Sure. It tends to be very media-heavy. That doesn't just mean streaming video, but it could mean folks in the gaming space and the bulk download space of one kind or another. And, you know, some of those organizations have additional business as well, a task that might look more like traditional web business, but of course, it's all from the same account.
Got it. Lonnie, you were kind of alluding to this, and you've kind of discussed a number of factors around ongoing headwinds, but the magnitude of some of those headwinds maybe shrinking as we progress through into fourth quarter and maybe to start the next year. But when I specifically think about the net retention rate compression, when and where should we see this, you know, trotting out as it relates to what type of help or some guardrails on when we should trot out on the net retention rate compression trends? Thank you.
Yeah, it's a good question. I think as we move into next year, as I said, I think a lot of the headwinds from the large customers are behind us. Given that the NRR is done on the LTM base, and that's going to mute or slow kind of the growth out of where we see LTM NRR. So I would expect that we would see, you know, some expansion as you move into sort of middle of the year and second half, as you see some of the headwinds that we saw in 2024 drop off of the LTM calculation.

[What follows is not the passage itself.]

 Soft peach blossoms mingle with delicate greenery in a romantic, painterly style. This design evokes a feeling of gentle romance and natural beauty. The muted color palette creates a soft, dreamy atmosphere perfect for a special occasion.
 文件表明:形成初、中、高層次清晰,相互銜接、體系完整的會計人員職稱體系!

Our final question will come from the line of Jonathan Hoh with William Blair.
Hi, this is Garrett Brocamo for Jonathan Hoh, and thanks for taking my question. I'd like to go back to the security business and just to get some additional color on where you're maybe seeing some more success and then on the flip side where you think things potentially slow just in terms of type of customer or any specific products. Thanks.

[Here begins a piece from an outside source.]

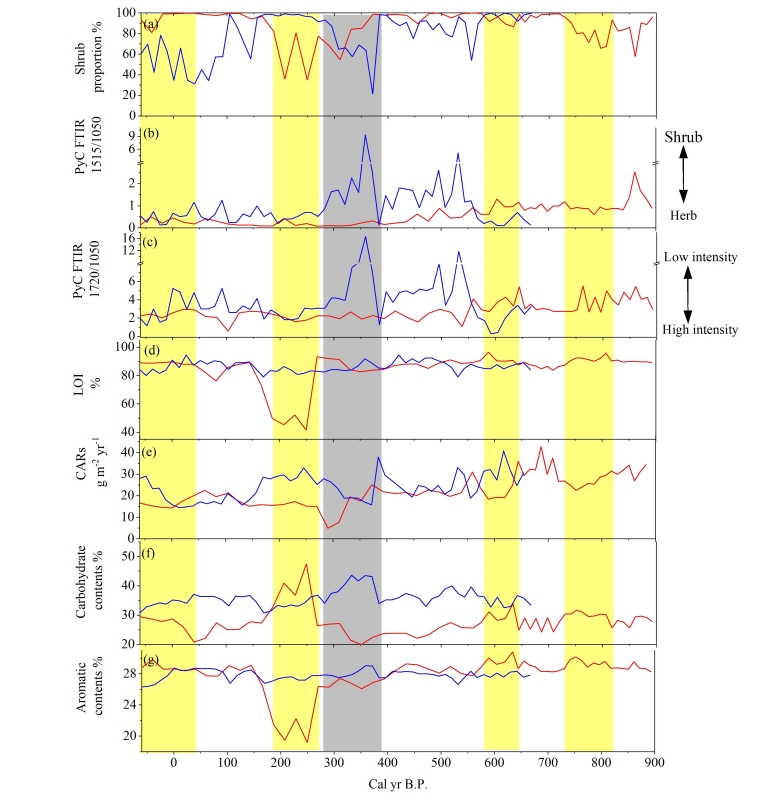 泥炭地作为长时间尺度固碳效率最高的自然生态系统,储存全球土壤碳库近30%,并有大约144Pg碳储存在多年冻土泥炭地中。由于这些泥炭地位于多年冻土区,相比于其他地区泥炭地,更容易受到气候变化、火扰动及区域人类活动的叠加影响。泥炭地作为高碳密度自然生态系统,未来全球变化影响下,泥炭地碳库究竟是碳的“定时炸弹”还是“金矿”已引起广泛讨论。尽管泥炭地碳库稳定性是影响其应对全球变化过程中的一个关键因素,然而,很少有研究侧重于评估长时间尺度下环境变化对泥炭地碳库长期累积过程和稳定性的影响。本研究以大兴安岭典型冻土泥炭地为研究对象,利用泥炭沉积记录中保存的有机质和热解碳的化学结构特征,重建过去千年里大兴安岭冻土泥炭地的有机质来源、火烧强度及燃料来源特征,并通过对比分析泥炭地过去千年里碳累积速率和碳库稳定性演变过程,评估气候变化影响下,火烧和有机质来源改变对冻土泥炭地碳库累积和稳定性演变过程的影响。

Yeah, I think there's been a lot of success, especially around the last part of our security portfolio where I really believe we have a technology advantage across the board. The efficacy of that product is really a cut above and it leads our users to be able to run it in full blocking mode and get really the full value, not just the alerting in the platform. We've seen a lot of loyalty there, and over the last year or so, we've really moved all of that technology to be fully enabled on the faculty platform so that the power of our edge and infrastructure is now deployed there along with DDoS and Bot. We have a very complete solution. So I think that unification of the platform is driving a lot of our confidence here and then the way I see customers engaging with that WAP technology and now the add-on of Bot and adaptive DDoS prevention, I feel really good. I think it has the biggest upside outside of media, especially in verticals like e-commerce, hospitality, travel, logistics, etc., FinTech, and it has a real potential for us, this untapped penetration to our existing delivery customers. So I think there's just a ton of upside and security and that's why it's going to be such an important focus for us in 2025.
Thank you.
I will now hand it over to CEO Tom Nightingale.
Thanks so much. I want to thank our employees, customers, partners, and our investors. We remain focused on execution, on bringing long lasting growth to our business, and delivering value to all of our shareholders. Thank you so much for your time and your attention today.
This concludes today's call. Thank you for joining. You may now disconnect your lines.